Art. 2.Er kan een tijdelijke VLIF-waarborg verleend worden voor kredieten met het oog op de verhoging van de werkingsmiddelen, die operationele kosten financieren.

De kredieten, vermeld in het eerste lid, worden verleend door een erkende kredietinstelling.

De waarborg, vermeld in het eerste lid, heeft een maximale looptijd van drie jaar en wordt maandelijks evenredig afgebouwd over de looptijd van de waarborg.

De waarborg, vermeld in het eerste lid, wordt opgenomen binnen de toegekende VLIF-machtiging.
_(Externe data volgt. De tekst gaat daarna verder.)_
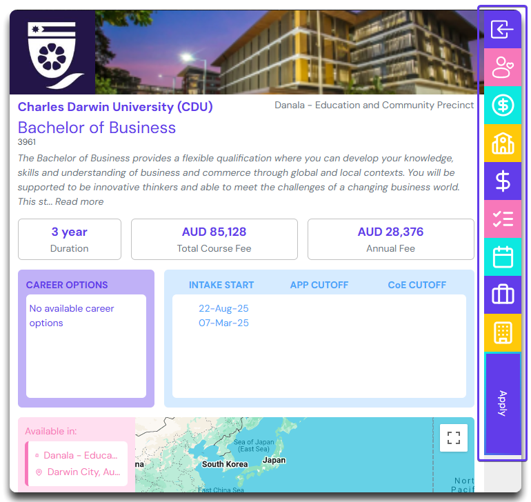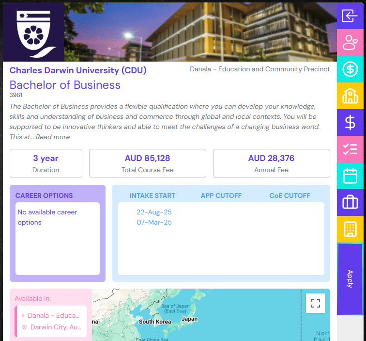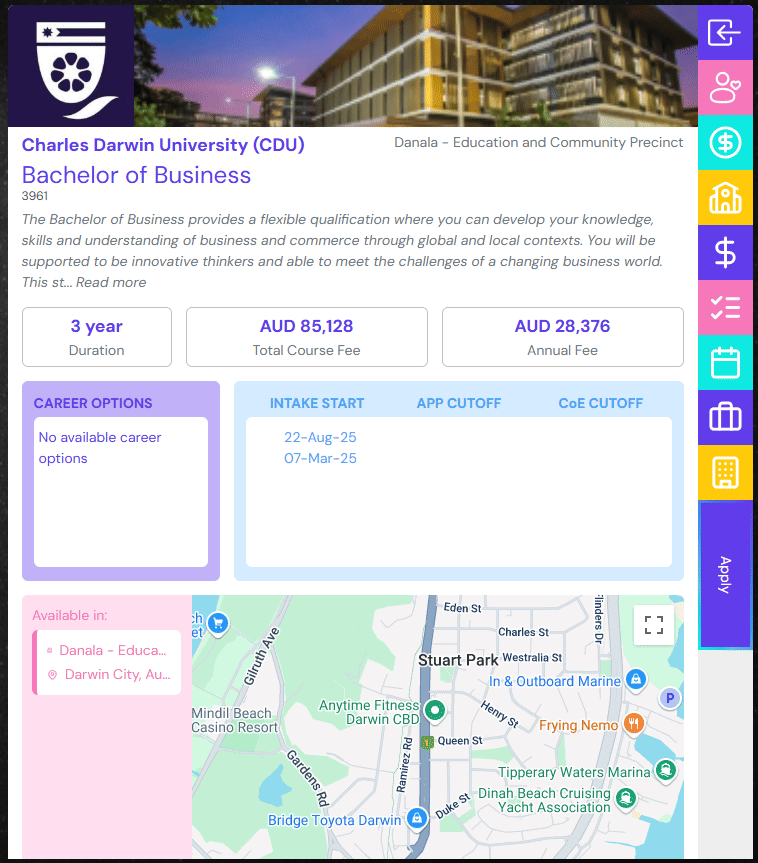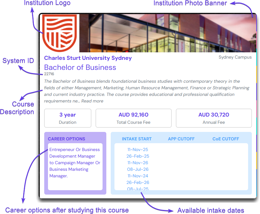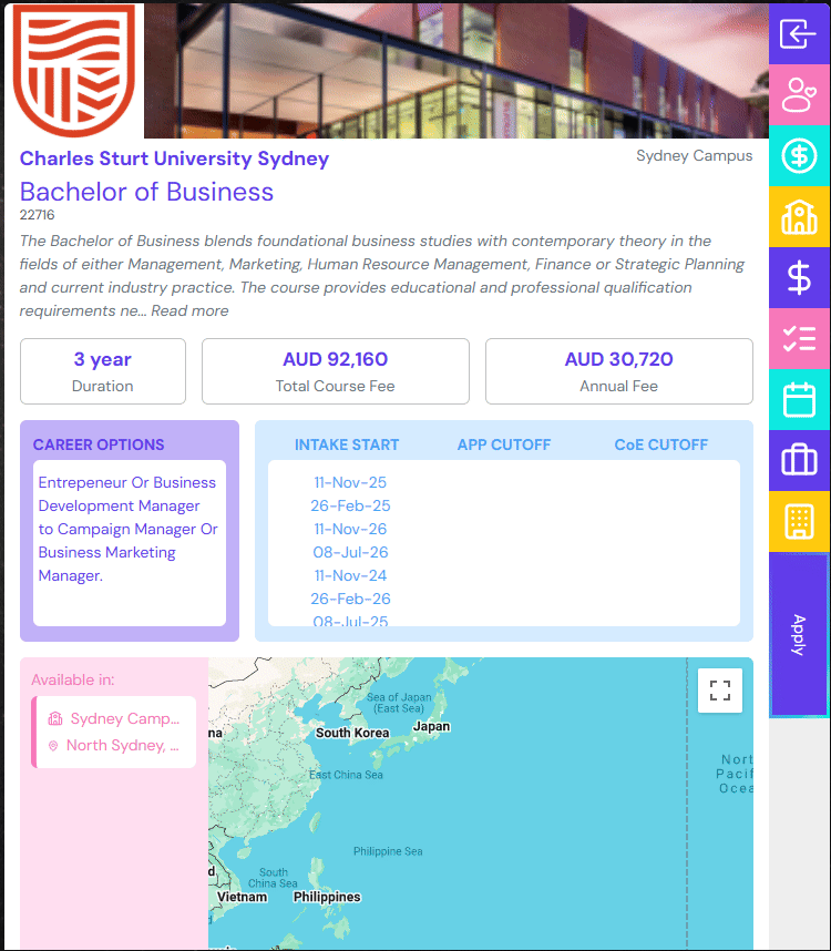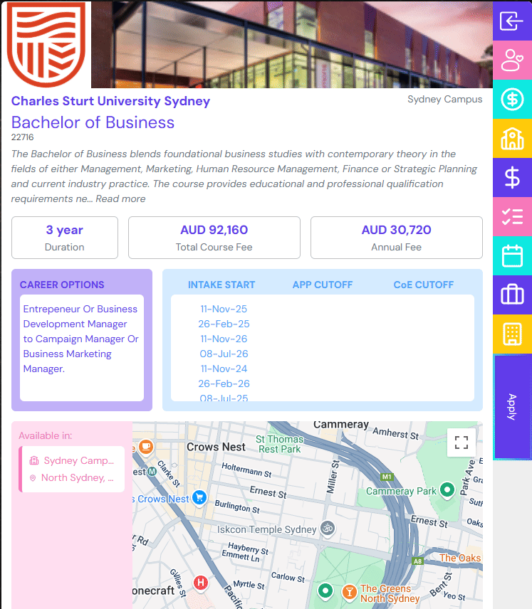 Get most of the information about the course including duration, total and annual cost, career options, intakes and cutoff dates and campus information along with admissions checklist.

De waarborg, vermeld in het eerste lid, wordt verleend in de vorm van de-minimissteun en onder de voorwaarden, vermeld in verordening (EU) nr. 1408/2013 van de Commissie van 18 december 2013 inzake de toepassing van de artikelen 107 en 108 van het Verdrag betreffende de werking van de Europese Unie op de-minimissteun in de landbouwsector, PB L 352, 24 december 2013, p. 9-17, zoals gewijzigd door verordening (EU) 2019/316 van de Commissie van 21 februari 2019 tot wijziging van Verordening (EU) nr. 1408/2013 van de Commissie inzake de toepassing van de artikelen 107 en 108 van het Verdrag betreffende de werking van de Europese Unie op de-minimissteun in de landbouwsector, PB L 51I van 22 februari 2019, p. 1-6.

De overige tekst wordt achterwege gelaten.